▶ [Extracted entries]
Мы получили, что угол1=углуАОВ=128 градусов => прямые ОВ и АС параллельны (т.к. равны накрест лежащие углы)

* * *

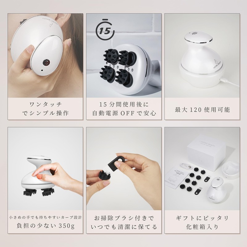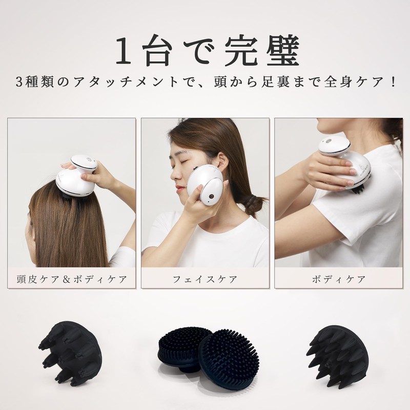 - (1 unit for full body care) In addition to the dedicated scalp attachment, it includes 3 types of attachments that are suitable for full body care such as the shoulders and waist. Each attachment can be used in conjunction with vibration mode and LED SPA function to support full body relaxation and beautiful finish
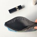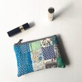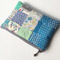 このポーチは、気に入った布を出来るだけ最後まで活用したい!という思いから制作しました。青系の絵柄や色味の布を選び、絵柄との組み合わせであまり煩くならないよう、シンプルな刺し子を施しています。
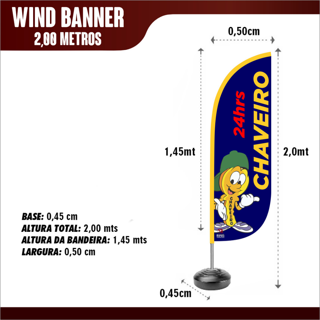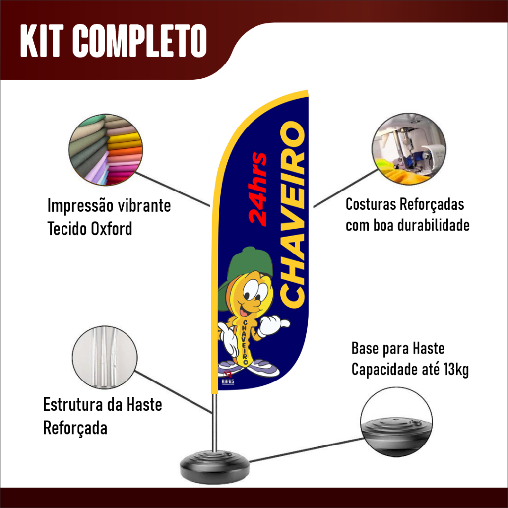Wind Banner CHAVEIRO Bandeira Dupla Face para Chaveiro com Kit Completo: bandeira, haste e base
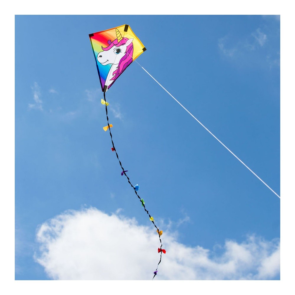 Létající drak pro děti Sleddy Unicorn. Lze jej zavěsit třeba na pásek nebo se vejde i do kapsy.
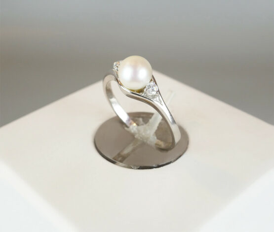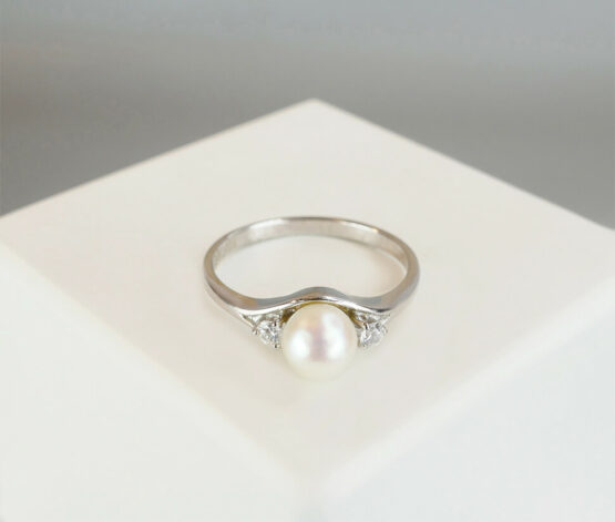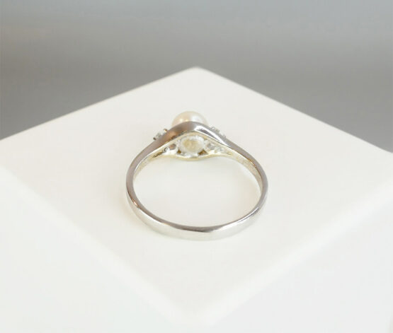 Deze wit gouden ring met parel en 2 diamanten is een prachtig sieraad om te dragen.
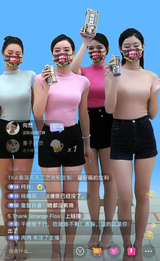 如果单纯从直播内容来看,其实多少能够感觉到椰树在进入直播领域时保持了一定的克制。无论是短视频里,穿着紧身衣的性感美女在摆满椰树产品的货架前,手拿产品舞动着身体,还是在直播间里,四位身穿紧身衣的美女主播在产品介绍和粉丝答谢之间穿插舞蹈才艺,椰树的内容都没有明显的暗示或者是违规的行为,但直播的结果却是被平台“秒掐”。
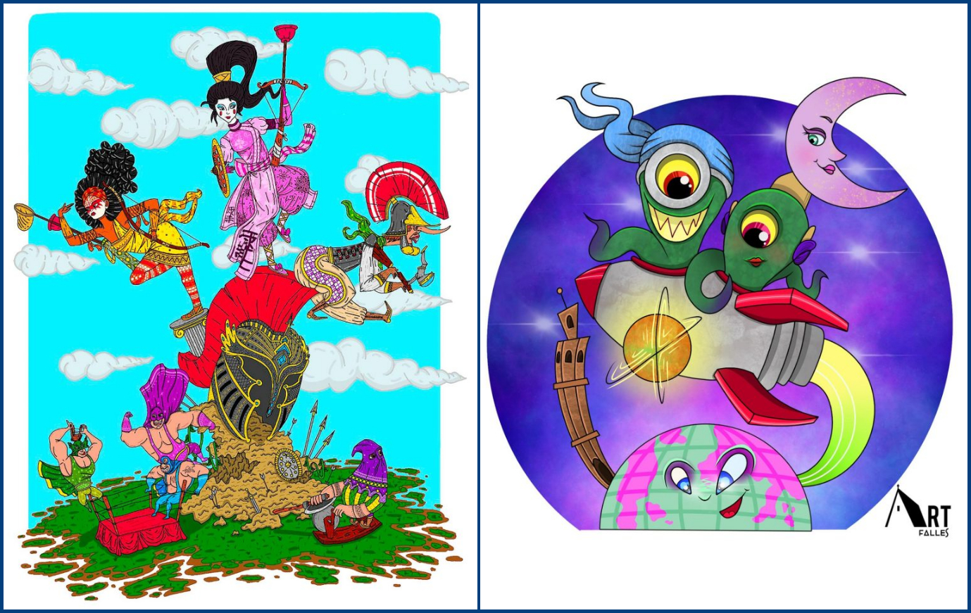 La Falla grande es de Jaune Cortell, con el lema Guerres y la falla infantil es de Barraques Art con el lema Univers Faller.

...

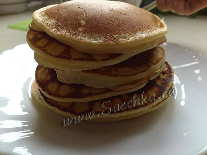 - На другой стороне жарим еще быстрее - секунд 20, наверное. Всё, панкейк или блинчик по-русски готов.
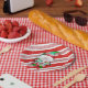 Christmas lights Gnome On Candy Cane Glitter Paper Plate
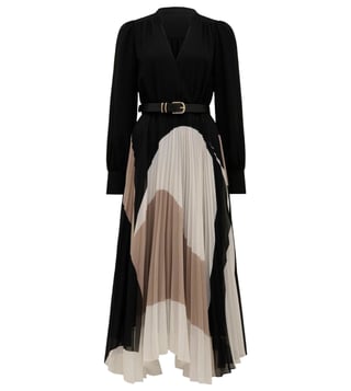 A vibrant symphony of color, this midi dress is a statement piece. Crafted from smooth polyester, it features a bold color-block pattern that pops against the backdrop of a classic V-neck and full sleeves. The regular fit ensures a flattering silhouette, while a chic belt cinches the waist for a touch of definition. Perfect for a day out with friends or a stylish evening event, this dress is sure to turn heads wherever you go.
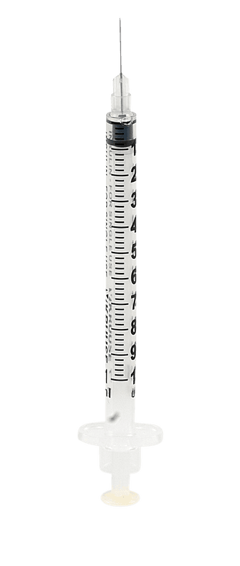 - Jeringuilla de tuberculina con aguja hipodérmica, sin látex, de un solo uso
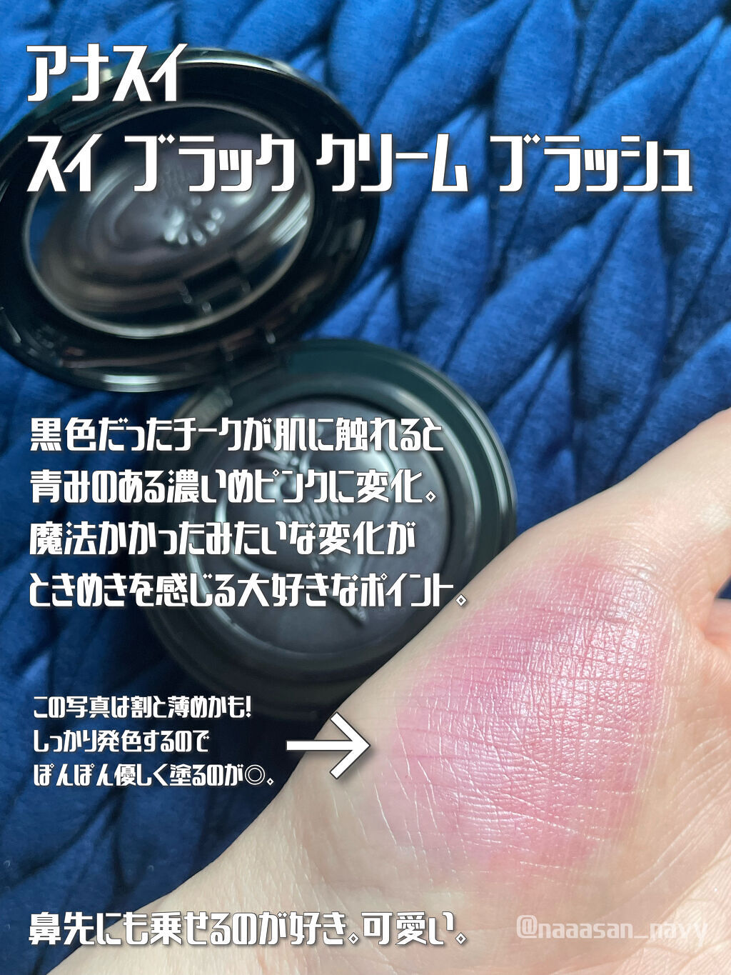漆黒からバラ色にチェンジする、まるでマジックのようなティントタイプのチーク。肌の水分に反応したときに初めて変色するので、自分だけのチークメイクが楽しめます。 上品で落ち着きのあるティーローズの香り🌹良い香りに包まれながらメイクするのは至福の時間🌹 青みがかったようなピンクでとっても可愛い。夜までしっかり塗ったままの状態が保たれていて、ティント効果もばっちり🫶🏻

▶ [Task directions] Exactly reproduce the lines above, starting at the one that contains "如果单纯从直播内容来看,其实" and ending at the one that contains "La Falla grande", both inclusive; leave the pictures out and add no other lines.

▶ [Solution to the exercise]
 如果单纯从直播内容来看,其实多少能够感觉到椰树在进入直播领域时保持了一定的克制。无论是短视频里,穿着紧身衣的性感美女在摆满椰树产品的货架前,手拿产品舞动着身体,还是在直播间里,四位身穿紧身衣的美女主播在产品介绍和粉丝答谢之间穿插舞蹈才艺,椰树的内容都没有明显的暗示或者是违规的行为,但直播的结果却是被平台“秒掐”。
 La Falla grande es de Jaune Cortell, con el lema Guerres y la falla infantil es de Barraques Art con el lema Univers Faller.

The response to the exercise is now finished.